1. Simulink ツールストリップで [実行] をクリックします。シミュレーション中に、V==1true として評価されます。値 3.5 および 4.5V==1 に関連付けられているため、これらの値がそれぞれ K1 および K2 に代入されます。結果として、値は Gain ブロックの Gain パラメーターに代入されます。

2. Gain パラメーターの値を変更するには、V の値を 2 に変更し、再度モデルのシミュレーションを行います。

V.Value = 2;

シミュレーション中に、V==2 に関連付けられているすべての値が K1 および K2 に代入されます。結果として、値は Gain ブロックの Gain パラメーターに代入されます。

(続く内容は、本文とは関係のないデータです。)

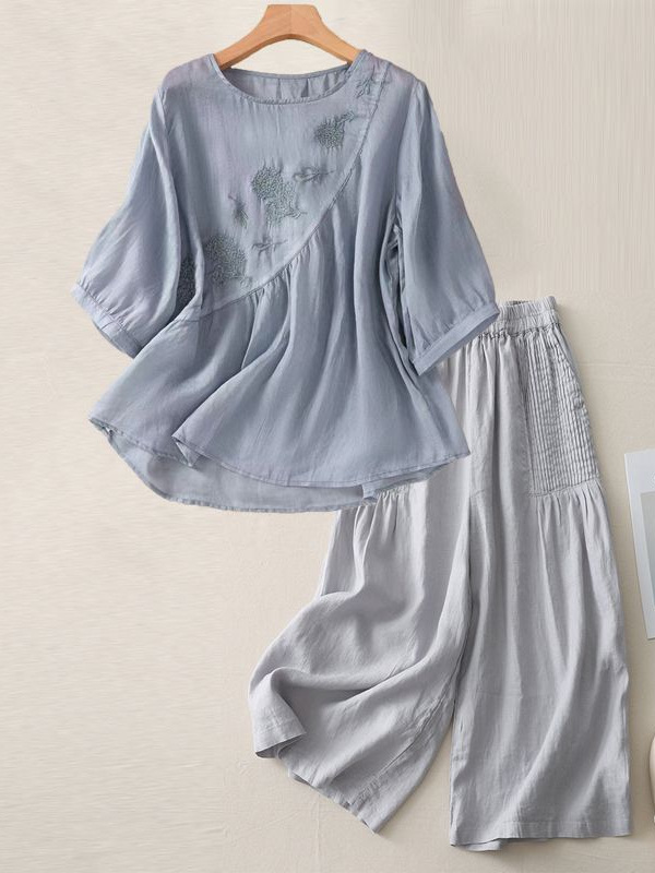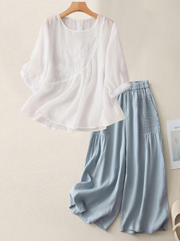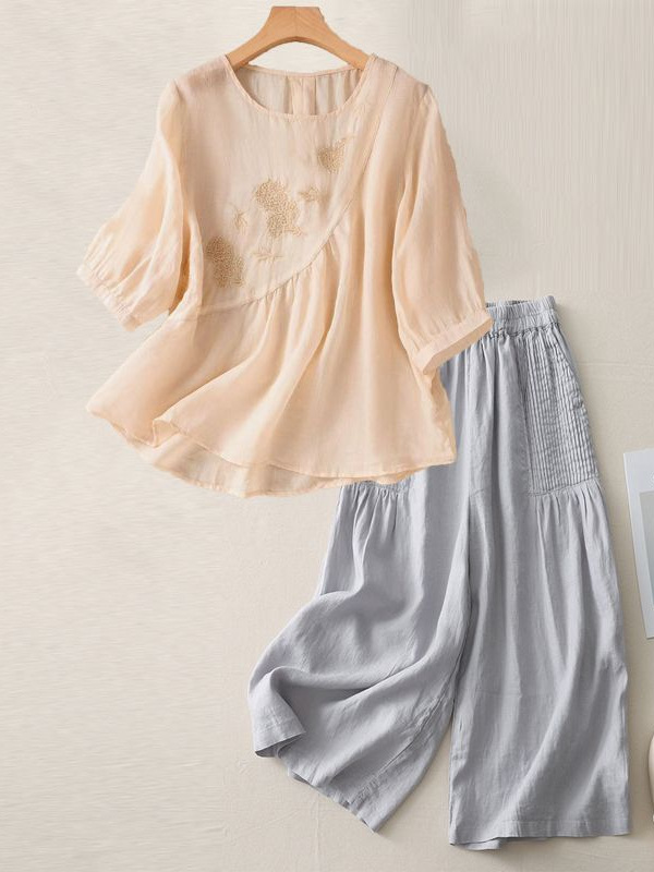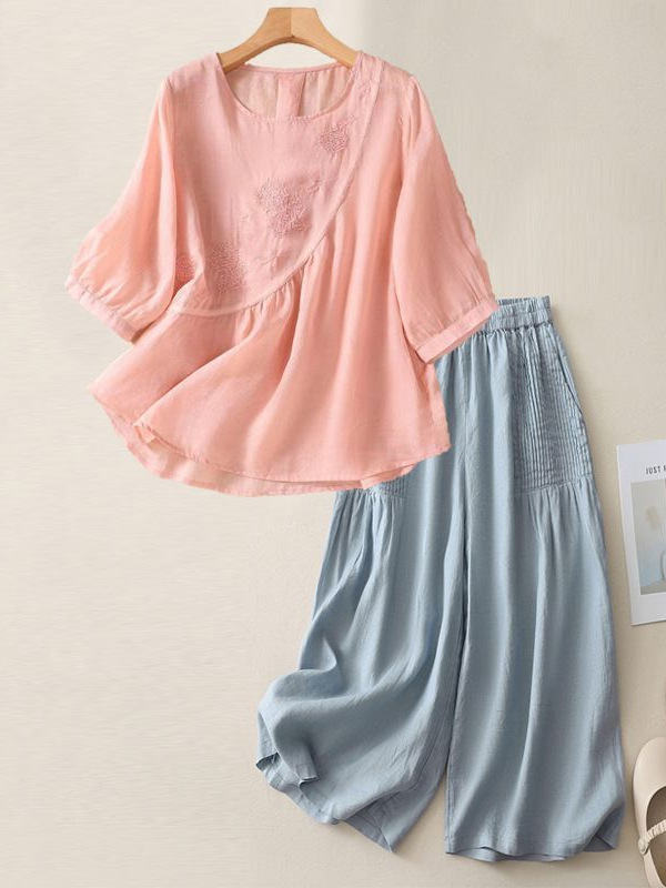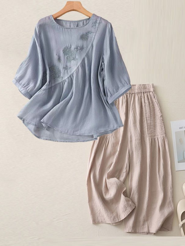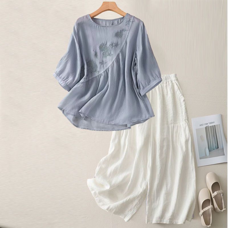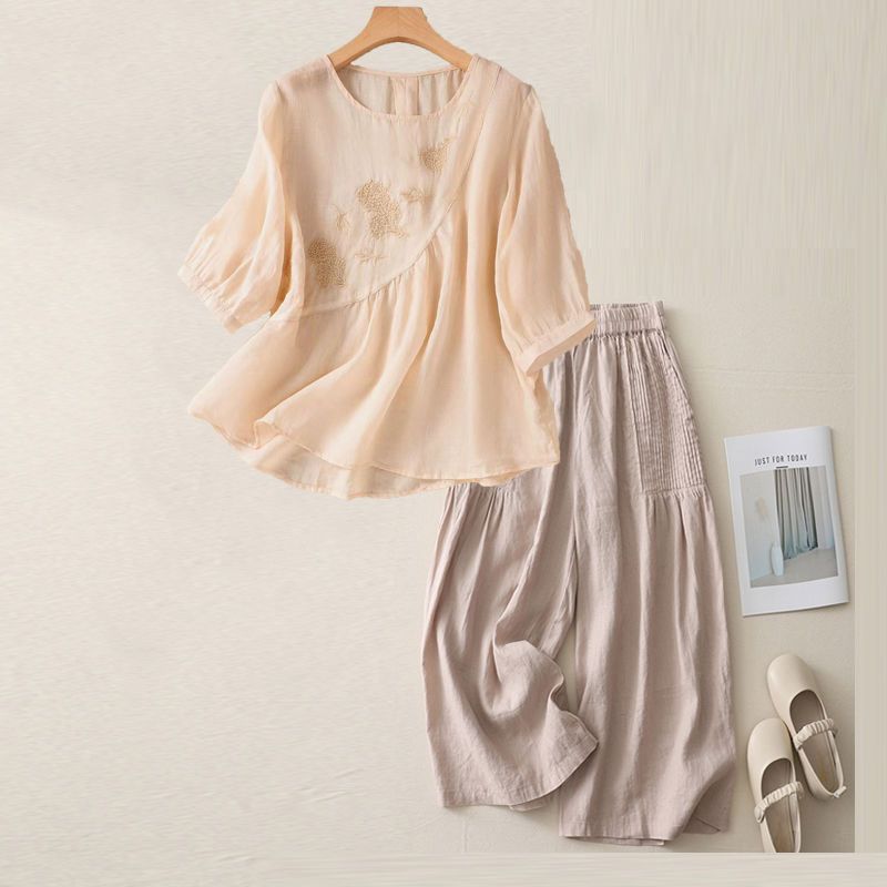 Главная страница > Летний новый топ и брюки в два предмета, модный костюм, свободный крой, эластичная талия, широкие брюки, хлопок и лен, вышитый топ для женщин
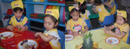 노란 파인애플을 슥삭 자르는 우리 친구~~잘했어요~
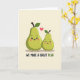 This sweet card features two adorable pear characters sharing a loving moment. At the center are two bright lime-green pears, each topped with a small brown stem and a leafy accent. The larger pear on the left has wide, happy eyes, a big smile, and soft pink blush on its cheeks. Beside it, the smaller pear looks calm and content, with closed eyes, long eyelashes, and the same rosy blush. A small pink heart floats gently between them, symbolizing their close bond. The soft off-white background keeps the focus on the cheerful green and pink colors. Below the pears, bold dark lettering reads “WE MAKE A GREAT PEAR,” with the word “PEAR” highlighted in matching green. With its fun pun and warm design, this image is perfect for sharing Valentine’s Day love ❤️💌🍫.
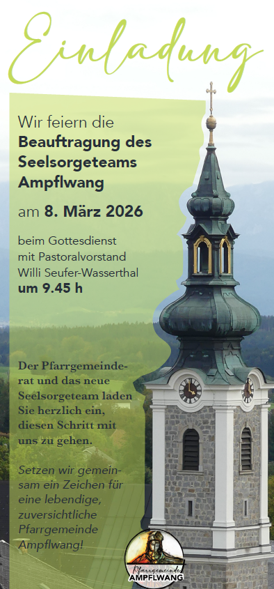 Ein sehr gelungenes Beispiel für eine Einladung zur Beauftragung des Seelsorgeteams wurde uns dankenswerterweise von der Pfarrgemeinde Ampflwang zur Verfügung gestellt.

バリアント パラメーターのアクティブな値を決定するタイミングの設定

バリアントのアクティベーションのタイミングは、Simulink がバリアント パラメーターのアクティブな値を選択するタイミングを決定します。アクティベーションのタイミングは、生成されたコードに、バリアント パラメーターのアクティブな値のみ、またはアクティブな値と非アクティブな値の両方が含まれていなければならないかを決定します。詳細については、ActivationTimeを参照してください。

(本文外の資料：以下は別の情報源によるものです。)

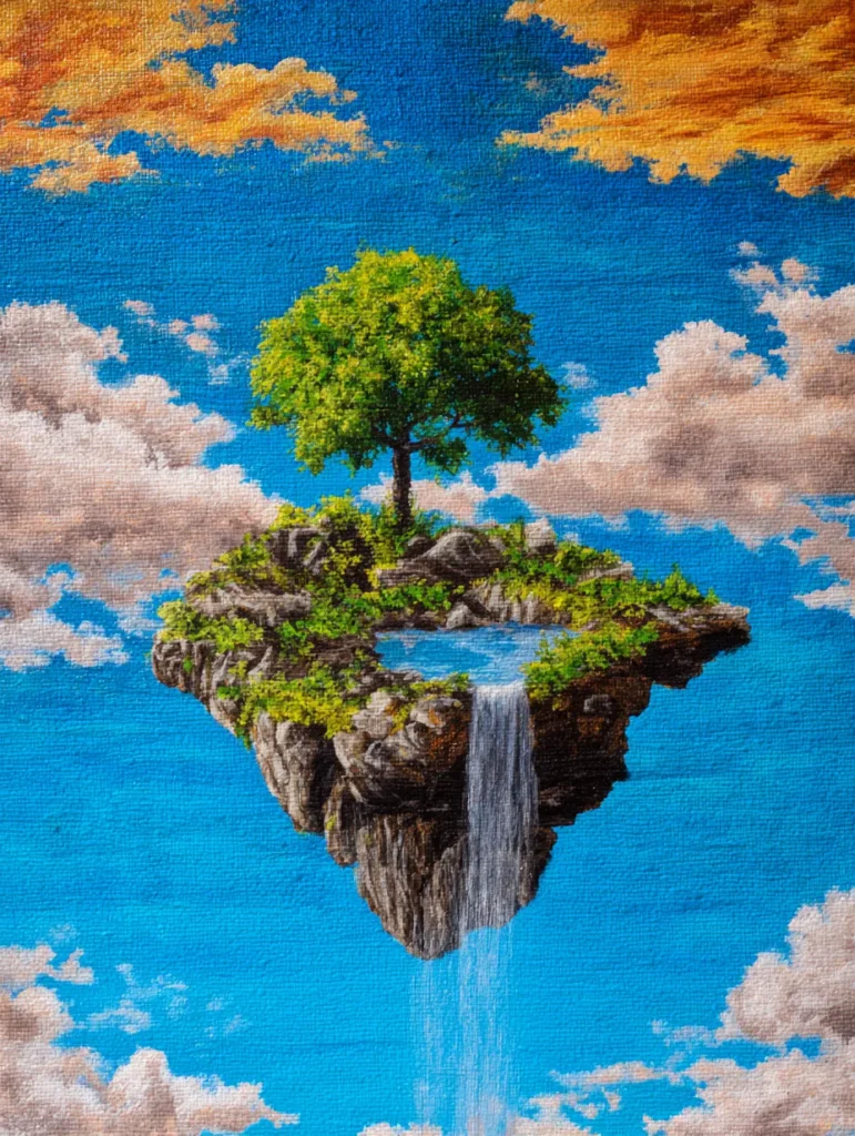 This imaginative design highlights a small, rocky island suspended in a bright blue sky, complete with a lush green tree and a sparkling pool that spills over into a gentle waterfall. The island is detailed with rugged textures, while the surrounding fluffy white clouds and golden-tinged upper clouds add a dreamlike quality to the entire composition. Light shades of blue paint the sky, providing a vibrant contrast to the earthy tones of the terrain and the intense green of the foliage. The waterfall adds a sense of vertical movement, drawing the eye down from the peaceful summit to the airy space below.

アクティベーションのタイミングは以下のいずれかとして指定できます。

  • update diagram: V のアクティベーションのタイミングを update diagram として指定するには、MATLAB® コマンド ウィンドウで次のコマンドを入力します。次に、モデルのシミュレーションを再度実行します。

V.ActivationTime = 'update diagram';

Simulink は、信号属性を伝播する前に、ブロック線図の更新中に K1 および K2 のアクティブな値を設定します。次元やデータ型などの信号属性は、モデル全体にわたって一貫性について解析されるわけではありません。生成されたコードには K1 および K2 のアクティブな値のみが含まれます。

  • update diagram analyze all choices: V のアクティベーションのタイミングを update diagram analyze all choices として指定するには、MATLAB コマンド ウィンドウで次のコマンドを入力します。次に、モデルのシミュレーションを再度実行します。

V.ActivationTime = 'update diagram analyze all choices';

Simulink は、信号属性を伝播した後に、ブロック線図の更新中に K1 および K2 のアクティブな値を設定します。信号属性は、アクティブな値と非アクティブな値の両方に伝播されます。次元やデータ型などの信号属性は、モデル全体にわたって一貫性について解析されます。生成されたコードには K1 および K2 のアクティブな値のみが含まれます。

  • code compile: V のアクティベーションのタイミングを code compile として指定するには、MATLAB コマンド ウィンドウで次のコマンドを入力します。次に、モデルのシミュレーションを再度実行します。

V.ActivationTime = 'code compile';

Simulink はコードのコンパイル中にアクティブな選択を設定します。信号属性は、アクティブな値と非アクティブな値の両方に伝播されます。次元やデータ型などの信号属性は、モデル全体にわたって一貫性について解析されます。生成されたコードには K1 および K2 のアクティブな値と非アクティブな値の両方が含まれます。値がプリプロセッサ条件 #if および #elif 内で囲まれます。